Граница преодолевается слоями. Первый (внешний и до недавнего времени самый строгий и неприступный — ОВИР) был преодолен с легкостью, усиленной неизбежными опасениями и всегдашней общерусской готовностью к самому худшему. Мою благонадежность ничего не стоило поставить под сомнение. Всего три года назад, уже в царствие перестройки, мне последний раз грозили диссидентской политической статьей за публикацию в журнале, выходившем на Западе. Но ОВИР вместо грозного отставника за дубовым столом обернулся миловидной девушкой, любезной на провинциальный манер.

Второй слой — граница как таковая. То есть таможенный и пограничный контроль в поезде, прибывающем в Гродно. По расписанию Гродно ожидался, кажется, в три или четыре дня. Я не был спокоен, ожидая таможню. Я не вез никакой контрабанды, но жизнь, определяемая формулой «с грехом пополам», делала греховным и меня. Более всего я беспокоился за большую дорожную сумку, полную рукописей и журнальных материалов. В таможенной декларации, врученной за час до границы, мелким шрифтом было дано указание предъявить таможеннику все рукописи и машинописные материалы, провозимые через границу. Я же не собирался этого делать, рассчитывая проскочить, зная о таможенном цейтноте, или предъявить несколько официальных бумаг, в которых мне поручалось установление контактов с деятелями культуры и эмиграции в Германии. Неловкость ситуации была вынужденной, моя щепетильность восставала против нарушения этих (да и других) правил, но поделать ничего я не мог. Еще в Ленинграде я пытался получить разрешение на провоз своих бумаг, но не сумел не потому, что мне запретили, а потому, что не нашел ведомства, способного дать мне такое разрешение. Сама система нашей жизни формировала круговую поруку мелкой и крупной нечестности, чтобы никто не остался без греха.

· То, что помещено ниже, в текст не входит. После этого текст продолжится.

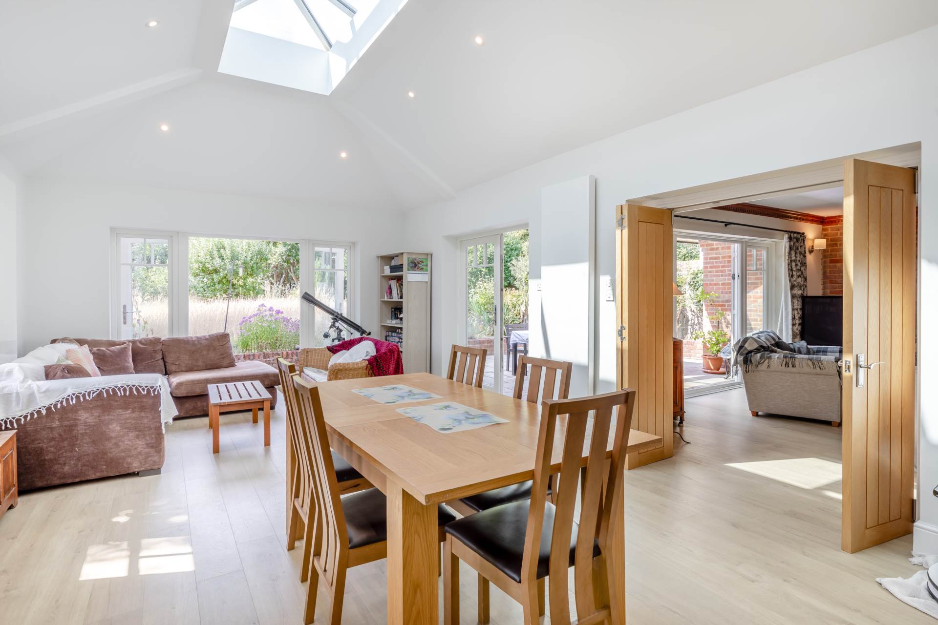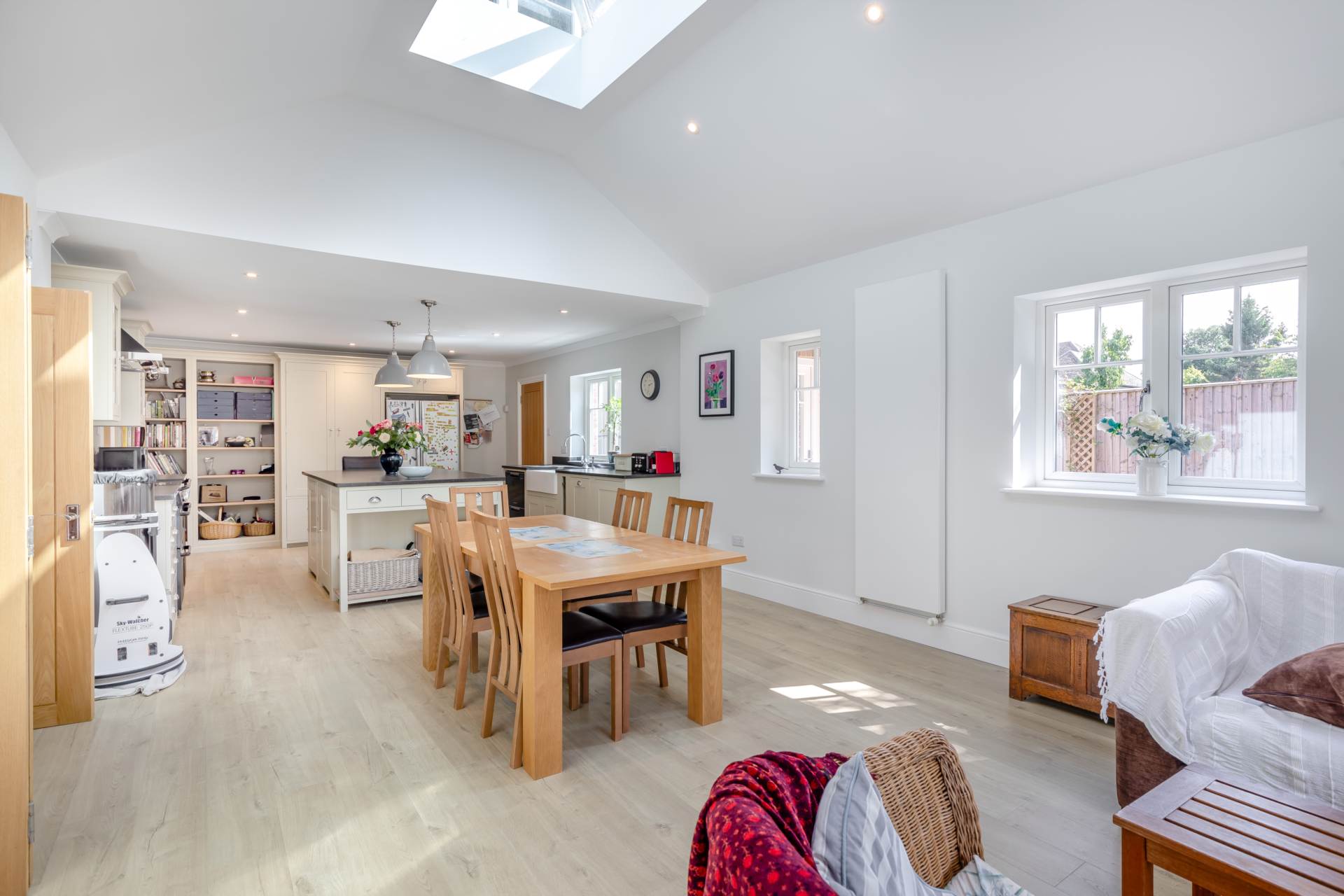 The heart of the house is our open-plan kitchen and dining space, created after a major extension in which we also converted the loft into two additional bedrooms and a bathroom. The kitchen-diner flows into the living room and out onto the veranda a lovely spot in which to enjoy the garden, come rain or shine. The easy indoor-outdoor flow of the house and garden gives us the flexibility for everyday life and entertaining alike. Family gatherings naturally spill outside, and we have enjoyed countless relaxing evenings out here, too.

Я, однако, умел разговаривать с советскими чиновниками, натренированный за долгие годы подпольной жизни. Не рассчитывая особенно на первый вариант, я на всякий случай подготовился ко второму, но он не понадобился, может быть, именно потому, что я подготовился слишком тщательно. Нас с женой не попросили открыть ни одной сумки, ни одного чемодана, только задали вопрос о подарках, которые мы везли. К чести советских таможенников надо сказать, что вообще наша таможня оказалась самой легкой и любезной. Люфт в неустойчивом законодательстве компенсировался легким юмором и неназойливостью спешащих чиновников. Поезд стоял в Гродно минут сорок минус десять минут опоздания; правда, до польской границы мы ехали вместе с пограничным контролем, который сначала спросил об оружии, а затем прогромыхал сапогами одних солдатиков по крыше, пока другие солдатики вскрывали люки в купе и коридоре, ища, очевидно, пулеметы, вернее, отрабатывая заскорузлые параграфы унылого циркуляра.

Суматоха была устроена немалая, хотя нас она уже почти не касалась, но была, вероятно, редуцированной частью церемониала подготовки советского гражданина к потере девственности — нас готовили к тому, что сейчас, буквально сейчас, мы пересечем границу. Исчезли за окном вагона пустые платформы Гродно: милые собачки с проводниками, зеленые фуражки погранвойск, черные с золотом мундиры таможенников, здание вокзала, напоминающее крематорий, ни одного гражданского лица и партикулярного платья, елки, палки, березы, осины, покосившиеся сараи, кривые заборы, чудная тропка, виляющая в лес, взрыхленная полоса вдоль железнодорожных путей, которая началась километров за пятьдесят до Гродно и продолжалась до потери интереса в Польше; нейтральная полоса безо всяких цветов, но с банальной колючей проволокой, пустынные дороги, переезды, шлагбаумы; прощай, немытая Россия!

Никогда не думал, что процедура дефлорации может быть такой несущественной. Я ничего не почувствовал, пересекая границу, хотя и пытался отыскать в пейзаже иноземные черты: вон на столбах, проволоке и откосе птицы какие-то незнакомые черные сидят — кажется, это грачи, только помельче наших. Вон у рыжей псины рядом с будочкой воина с ружьем польская морда, хотя если поискать по российским просторам... Но форма у воителей точно другая: фуражка, почти конфедератка, да нет, фуражка.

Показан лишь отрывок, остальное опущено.